Les objets intermédiaires peuvent également être mobilisés lors des processus de conception de modules de vie et de travail sur les plateformes offshore (Conceição et al., 2012). L’objectif de ce projet de recherche était de construire un support permettant de soutenir des analyses, des discussions, des suggestions et des validations entre différents acteurs. Au départ de ce processus, il s’agissait d’identifier des situations d’action caractéristiques, par l’analyse de situations de référence, en fonction des activités existantes et mises en œuvre ainsi que d’isoler les activités qui se déroulaient au sein des différents espaces présents sur les modules offshores. Les auteurs ont pu ainsi recenser les principales activités, l’emplacement, les paramètres d’utilisation, les équipements nécessaires pour chaque espace.

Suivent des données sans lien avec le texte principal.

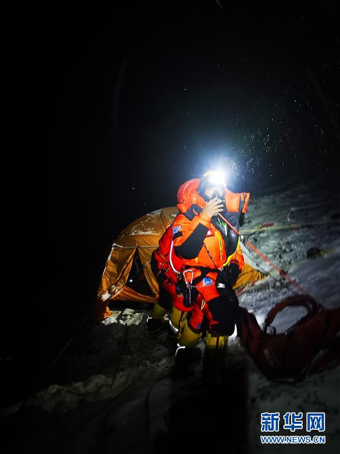 5月27日,在海拔5200米的珠峰大本營(yíng),2020珠峰高程測(cè)量登山隊(duì)總指揮、國(guó)家體育總局登山運(yùn)動(dòng)管理中心副主任王勇峰正在和位于海拔8300米突擊營(yíng)地的測(cè)量登山隊(duì)隊(duì)員通話。新華社記者孫非攝
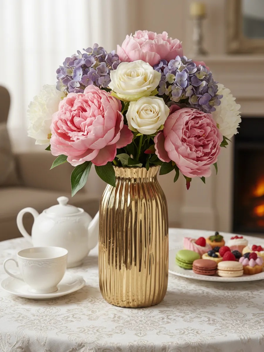 Эта декоративная ваза для дома идеально подходит для букетов роз, пионов, хризантем, подсолнухов и сухоцветов. Широкое горлышко позволяет создавать пышные композиции, а устойчивое дно гарантирует безопасность даже самых объёмных букетов.
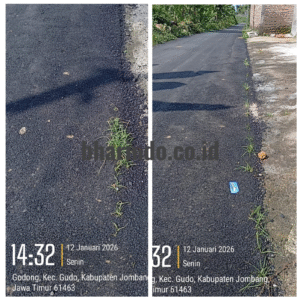 bharindo.co.id Jombang,- Proyek pembangunan jalan lingkungan di Dusun Karanglo Desa Godong Kecamatan Gudo, Kabupaten Jombang, menuai sorotan tajam dari warga dan aktivis pengawas anggaran.
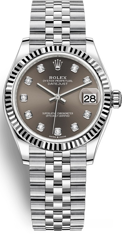 Водостойкие часы Rolex Datejust Datejust 31mm Steel and White Gold выпущены в круглом корпусе из белого золота и нержавеющей стали. Размер составляет 31 мм, водонепроницаемость 100 м. Внутри корпуса установлен автоматический механизм, Калибр Rolex 2236, обладающий запасом хода 55 часов. На сером циферблате с 10-ю белыми бриллиантами отображаются часы, минуты, секунды, дата. Часы комплектуются браслетом из белого золота 18к и нержавеющей стали.
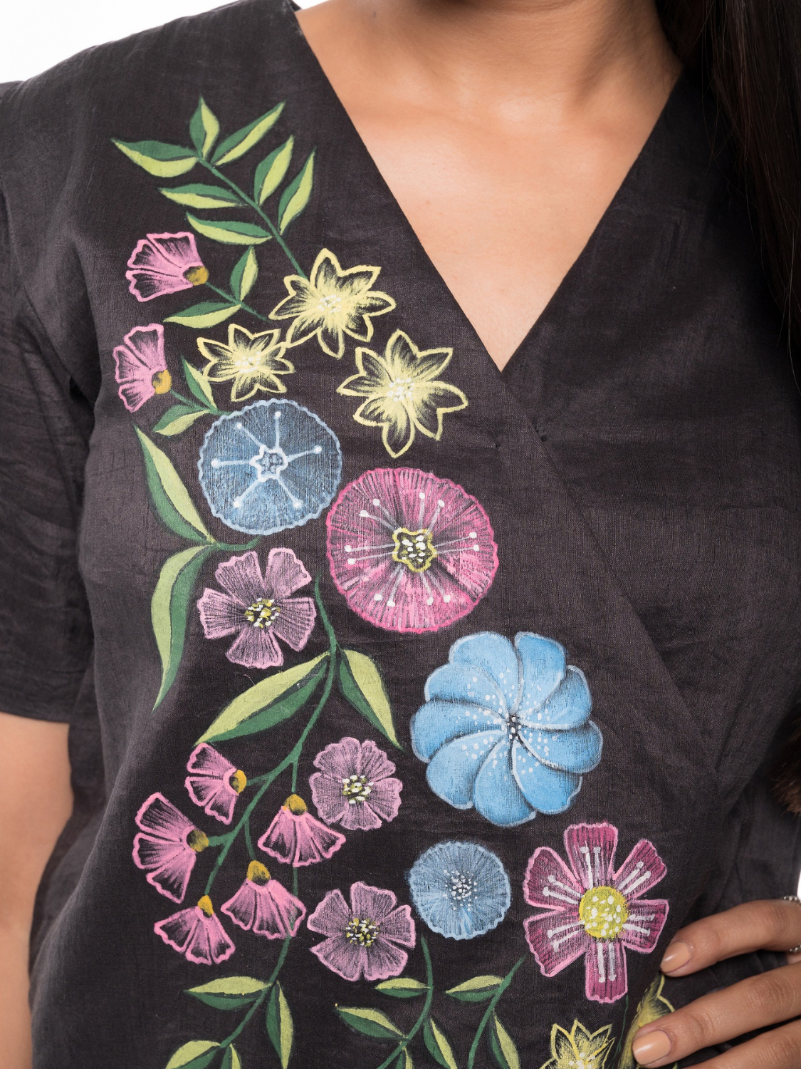 - Stylish black Angrakha pattern top featuring an overlapping V-neck design.
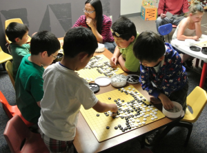 in Tacoma, where he will be honored at the final awards banquet. "The most satisfying thing about introducing go to young kids has been seeing many of them become totally involved in the game, and eventually zipping past me in playing strength," Moseson told the E-Journal. Moseson started the go club at Manlius Pebble Hill (MPH), in Manlius NY, when his two sons were both students at the school, in 2003, and has continued ever since. "At various times I've also run short eight-week sessions for students in the first grade and third grade classes, and we've had some of those students eagerly join the club when they reached middle school age," Moseson reports. "I'm also running a club with Chinese elementary school age kids, at a 'Chinese young adult ministry' that meets every Friday evening for dinner and bible study. I meet with the kids for an hour before dinner.
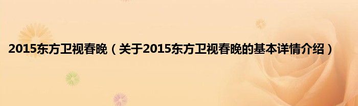 本文关于2015东方卫视春晚的基本详情介绍就讲解完毕,希望对大家有所帮助。
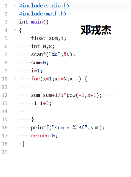 本题要求编写程序,计算序列 1 - 1/4 + 1/7 - 1/10 + ... 的前N项之和。
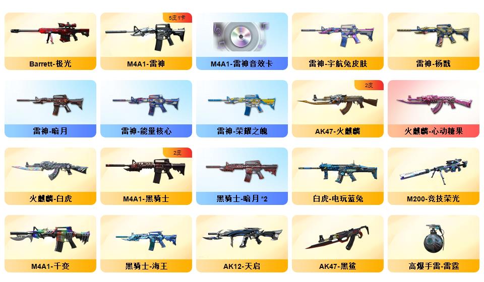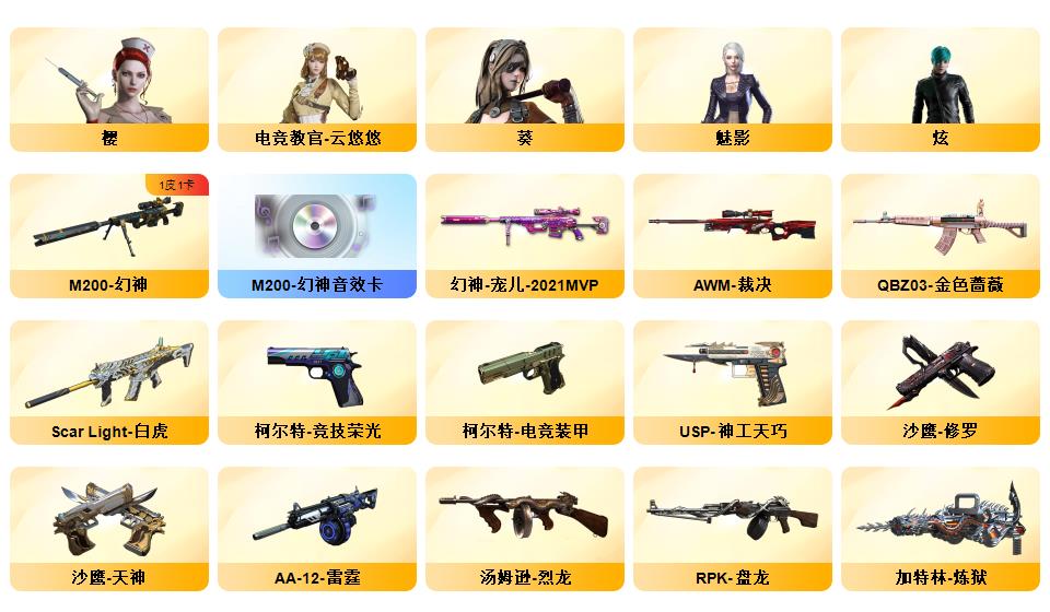 传说圣灵/传说梦魇/M200-幻神/幻神纸灯龙/幻神宠儿/幻神音效卡/竞技荣光套装/云龙套装/毁灭音效卡/雷神音效卡/白虎/qbz/6烈龙/
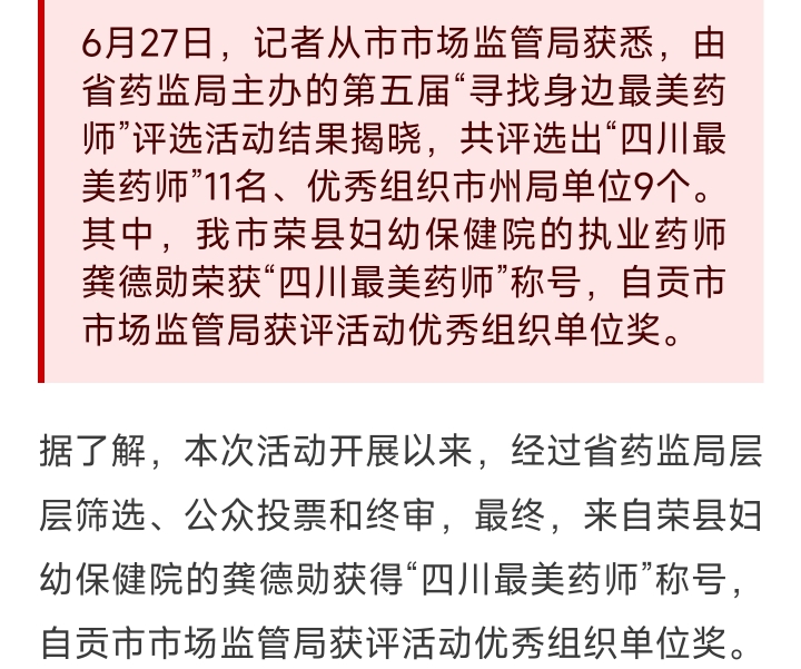 [盐都杂谈] 自贡市1人1组织上榜!四川省“寻找身边最美药师”评选活动结果揭晓

Ce projet a également permis de soulever la question de la mise en forme des données de l’analyse ergonomique pour son transfert aux concepteurs et montre que les OI ont été conçus de façon participative, qu’ils représentent ceux qui les ont développés et qu’ils sont responsables du travail de partage, de prévision et d’attente des acteurs au regard du résultat futur.

Les auteurs soulignent que la présence d’un ergonome dans le processus de conception est essentielle tant pour l’efficacité de la communication que pour prévenir les conflits entre différents acteurs. Les OI ne remplacent pas une catégorie d’acteurs, ils ont pour finalité d’aider aux dialogues entre les concepteurs et les ergonomes en améliorant le transfert d’expérience, de l’usage à la conception.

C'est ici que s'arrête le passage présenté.